Keith Vaughan (1912-1977)

Born in Selsey, Vaughan attended Christ’s Hospital school. He was employed in an advertising agency until the war when, as an intending conscientious objector, he joined the St John’s Ambulance; in 1941 he was conscripted into the Non-Combatant Corps. Vaughan was self-taught as an artist. His first exhibitions took place during the war. In 1942 he was stationed at Ashton Gifford, near Codford in Wiltshire.

Also during the war Vaughan formed friendships with the painters Graham Sutherland and John Minton, with whom he shared a studio after demobilisation in 1946. Through these contacts he formed part of the neo-romantic circle of the immediate post-war period. However, Vaughan rapidly developed an idiosyncratic style which moved him away from the neo-romantics. Focusing on male figures, his work became increasingly abstract.

Vaughan taught at the Camberwell College of Art, the Central School of Art and latterly at the Slade School.

Vaughan is known for his journals, selections from which were published in 1966 and more extensively in 1989, after his death. As a rather private man, troubled by his sexuality, he is known largely through these journals. He was diagnosed with cancer in 1975 and committed suicide in 1977, recording his last moments in his diary as the drugs overdose took effect.

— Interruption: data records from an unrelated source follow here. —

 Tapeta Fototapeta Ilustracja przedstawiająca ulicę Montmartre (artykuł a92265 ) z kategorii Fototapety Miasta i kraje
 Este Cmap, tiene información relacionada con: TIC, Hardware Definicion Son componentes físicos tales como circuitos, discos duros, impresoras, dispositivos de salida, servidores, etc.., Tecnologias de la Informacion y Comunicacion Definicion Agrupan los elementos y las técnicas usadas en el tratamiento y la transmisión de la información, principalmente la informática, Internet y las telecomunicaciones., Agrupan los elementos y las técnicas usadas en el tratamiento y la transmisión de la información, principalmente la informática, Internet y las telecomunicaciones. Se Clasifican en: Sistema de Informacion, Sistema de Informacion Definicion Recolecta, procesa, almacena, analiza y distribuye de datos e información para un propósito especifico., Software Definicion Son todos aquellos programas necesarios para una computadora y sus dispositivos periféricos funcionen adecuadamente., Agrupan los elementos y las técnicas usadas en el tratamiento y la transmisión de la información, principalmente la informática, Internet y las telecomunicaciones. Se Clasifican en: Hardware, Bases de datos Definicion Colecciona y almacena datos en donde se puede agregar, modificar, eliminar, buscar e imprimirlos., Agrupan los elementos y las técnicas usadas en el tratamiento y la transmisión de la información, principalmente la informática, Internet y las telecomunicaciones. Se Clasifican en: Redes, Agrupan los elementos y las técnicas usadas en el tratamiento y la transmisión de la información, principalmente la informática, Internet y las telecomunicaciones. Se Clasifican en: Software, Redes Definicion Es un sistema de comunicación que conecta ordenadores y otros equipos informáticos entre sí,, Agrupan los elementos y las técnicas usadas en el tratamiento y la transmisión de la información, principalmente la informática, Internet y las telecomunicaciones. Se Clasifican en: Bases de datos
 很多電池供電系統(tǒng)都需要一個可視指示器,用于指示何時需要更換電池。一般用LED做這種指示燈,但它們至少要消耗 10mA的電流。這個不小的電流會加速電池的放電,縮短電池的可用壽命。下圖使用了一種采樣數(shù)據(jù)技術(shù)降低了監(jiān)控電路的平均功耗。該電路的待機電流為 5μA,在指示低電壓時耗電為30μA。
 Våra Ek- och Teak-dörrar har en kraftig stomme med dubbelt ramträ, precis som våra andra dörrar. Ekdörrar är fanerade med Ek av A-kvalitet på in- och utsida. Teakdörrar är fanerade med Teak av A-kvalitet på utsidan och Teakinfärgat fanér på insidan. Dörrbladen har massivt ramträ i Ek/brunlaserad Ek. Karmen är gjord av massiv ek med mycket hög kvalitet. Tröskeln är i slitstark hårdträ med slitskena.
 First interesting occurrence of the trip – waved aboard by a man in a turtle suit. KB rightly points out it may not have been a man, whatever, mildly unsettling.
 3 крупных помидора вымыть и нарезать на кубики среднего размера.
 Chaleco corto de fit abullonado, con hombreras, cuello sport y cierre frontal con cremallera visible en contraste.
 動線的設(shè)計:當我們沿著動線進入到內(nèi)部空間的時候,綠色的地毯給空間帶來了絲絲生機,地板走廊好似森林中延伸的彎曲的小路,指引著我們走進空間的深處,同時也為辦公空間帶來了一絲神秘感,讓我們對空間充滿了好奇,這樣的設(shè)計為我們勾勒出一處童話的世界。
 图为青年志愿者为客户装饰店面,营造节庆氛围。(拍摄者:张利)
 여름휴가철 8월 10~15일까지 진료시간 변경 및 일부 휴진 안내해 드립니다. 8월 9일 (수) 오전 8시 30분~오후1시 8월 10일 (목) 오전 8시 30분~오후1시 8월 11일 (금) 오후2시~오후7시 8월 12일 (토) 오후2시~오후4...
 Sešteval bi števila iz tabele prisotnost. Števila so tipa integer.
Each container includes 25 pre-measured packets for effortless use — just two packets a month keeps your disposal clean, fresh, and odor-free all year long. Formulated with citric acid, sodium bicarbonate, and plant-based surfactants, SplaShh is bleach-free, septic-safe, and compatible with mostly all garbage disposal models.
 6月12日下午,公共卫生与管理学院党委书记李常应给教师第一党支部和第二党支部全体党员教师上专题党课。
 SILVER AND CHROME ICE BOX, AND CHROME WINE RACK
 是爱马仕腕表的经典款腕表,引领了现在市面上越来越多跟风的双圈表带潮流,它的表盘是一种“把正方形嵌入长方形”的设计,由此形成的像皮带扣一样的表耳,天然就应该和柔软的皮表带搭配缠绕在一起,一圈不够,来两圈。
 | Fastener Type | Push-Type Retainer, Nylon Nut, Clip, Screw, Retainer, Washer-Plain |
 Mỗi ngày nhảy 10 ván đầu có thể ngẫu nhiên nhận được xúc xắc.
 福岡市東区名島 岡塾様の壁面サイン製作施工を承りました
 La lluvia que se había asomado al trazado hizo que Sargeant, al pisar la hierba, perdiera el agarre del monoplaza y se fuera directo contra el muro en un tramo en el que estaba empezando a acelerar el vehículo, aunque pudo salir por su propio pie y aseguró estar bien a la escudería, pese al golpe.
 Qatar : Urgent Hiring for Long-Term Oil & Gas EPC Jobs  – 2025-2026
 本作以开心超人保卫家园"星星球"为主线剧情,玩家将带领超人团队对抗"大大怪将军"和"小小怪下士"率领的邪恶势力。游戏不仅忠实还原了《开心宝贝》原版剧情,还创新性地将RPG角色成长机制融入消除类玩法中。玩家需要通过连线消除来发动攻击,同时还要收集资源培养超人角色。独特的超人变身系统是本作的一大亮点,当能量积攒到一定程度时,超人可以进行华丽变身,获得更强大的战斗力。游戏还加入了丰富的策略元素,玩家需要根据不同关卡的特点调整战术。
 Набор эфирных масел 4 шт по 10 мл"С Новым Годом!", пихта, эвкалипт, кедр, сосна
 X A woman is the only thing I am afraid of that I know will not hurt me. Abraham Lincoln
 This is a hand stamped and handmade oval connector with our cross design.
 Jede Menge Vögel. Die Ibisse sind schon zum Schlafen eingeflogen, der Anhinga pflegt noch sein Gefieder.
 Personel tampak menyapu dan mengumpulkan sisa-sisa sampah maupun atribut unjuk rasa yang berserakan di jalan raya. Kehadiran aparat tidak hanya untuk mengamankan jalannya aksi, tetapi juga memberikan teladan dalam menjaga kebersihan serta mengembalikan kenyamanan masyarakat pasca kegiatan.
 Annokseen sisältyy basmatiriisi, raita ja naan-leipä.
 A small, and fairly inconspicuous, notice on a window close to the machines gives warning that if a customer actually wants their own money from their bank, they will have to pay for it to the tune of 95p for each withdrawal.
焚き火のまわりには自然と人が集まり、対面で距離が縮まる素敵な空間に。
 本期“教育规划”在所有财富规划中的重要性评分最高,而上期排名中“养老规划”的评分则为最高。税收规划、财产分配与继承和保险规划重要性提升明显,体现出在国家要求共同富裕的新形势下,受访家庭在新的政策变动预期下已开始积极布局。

Keith Vaughan (1912-1977), Orange and Red,

 

Board
17 x 15¾ in (43.5 x 40 cm)
Signed

We are grateful to Gerard Hastings for his comments about the present picture:

“Vaughan is generally known as a painter of the male figure, but a good deal of his output is of pure landscape subjects. He bought a house in the heart of the Essex countryside two years after painting this work and took great delight in the open farmlands and agricultural buildings that surrounded his property.

In the present work, puzzling configurations and enigmatic shapes occupy the foreground, middle ground and distance, while in the background the dark silhouettes of trees can be made out. It is a twilight or nocturnal scene and some of the forms are more identifiable than others, such as the barn with a red window at the far right. Perhaps tree boughs, fence posts and discarded farm implements make up the other, more perplexing pictorial elements. This interplay between figuration and abstraction was something that occupied Vaughan for most of his career.”